Jason is a good example of how a child can have an interest in violence but not be a violent human being. He was a very caring boy who thought a lot about the feelings of other children. It's hard to say what's right for everybody. It really does depend on the child. If he was a child who did nothing but play violent video games, and didn't have any friends and didn't talk to his parents, he would have a very different overall picture, and I would be a lot more worried about that child than I was about Jason.

Jason makes the distinction between "purposeful" violence -- such as that in "Amistad," which comes with social content -- and "senseless" or "gratuitous" violence, such as the kind seen in, say, "Anaconda." Is there such a distinction?

Certainly, at his age, he was able to distinguish between movies that were violent just for excitement and stimulation and movies that had a deeper meaning, which he felt "Amistad" had. I don't know that the 5- and 6-year-olds would be able to make that distinction, because they wouldn't be able to tell what was real and what was not real. They wouldn't be able to tell if, say, "Amistad" was a violent fantasy or a historical fiction.

What do you believe is the ultimate effect on children who are punished for their violent fantasies?

First of all, I think they believe they are bad to have them at all. And that's a terrible position for them to be in, because they can't stop their fantasies. If anything, they are likely to have them more intensely after they have been punished. They're not likely to have fewer violent fantasies after being punished. So it can trigger a vicious cycle of negative feelings.

It's also a lost opportunity -- they are not going to be very willing, even if someone asks them, to talk about their fears and their worries, because they've found that it's dangerous to do so. So getting them help may become even harder.
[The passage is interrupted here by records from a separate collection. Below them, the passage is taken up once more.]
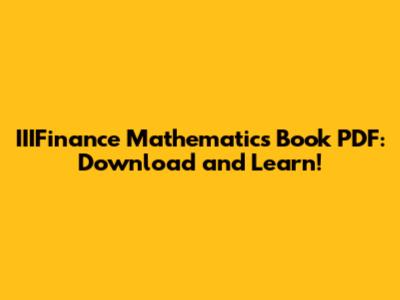 IIIFinance Math Book PDF: Download And Learn!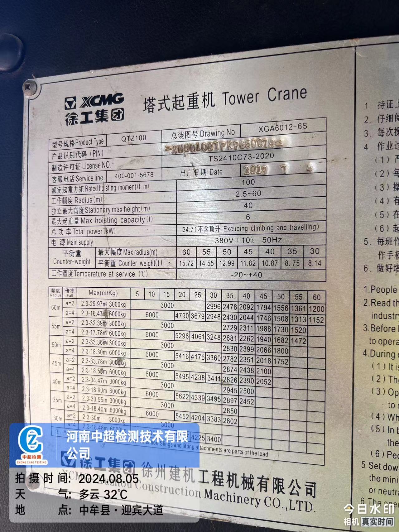 | 出厂编号:XUG0100TPKPC50079 | |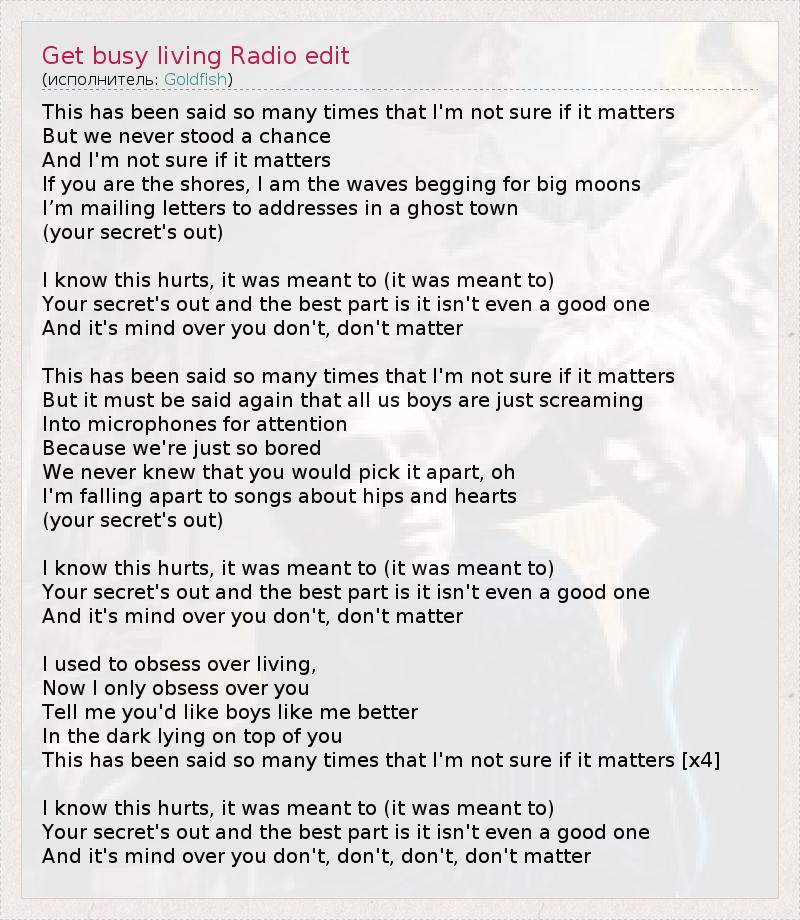 А как ты думаешь, о чем песня "Get busy living Radio edit" ?

But it depends upon what the rest of the picture looks like. If the 14-year-old writing the story also is surly with teachers, doesn't have a good relationship with his parents, doesn't have friends and seems to be obsessed with violent fantasies, that is a very different picture of a child than one who seems to be getting along well with people and writes one violent story.

If a parent is concerned about a child's violent play, then it would be good to talk to somebody about that. As parents, we know our children, and if they are playing in a way that's new and disturbing, we should trust ourselves and act on that. We should talk to someone -- it could be a teacher we know very well, or a pediatrician or health professional. But I think we should trust that worry and that knowing that something is wrong and get the help we need.


By Amy Benfer

Amy Benfer is a freelance writer in Brooklyn, N.Y.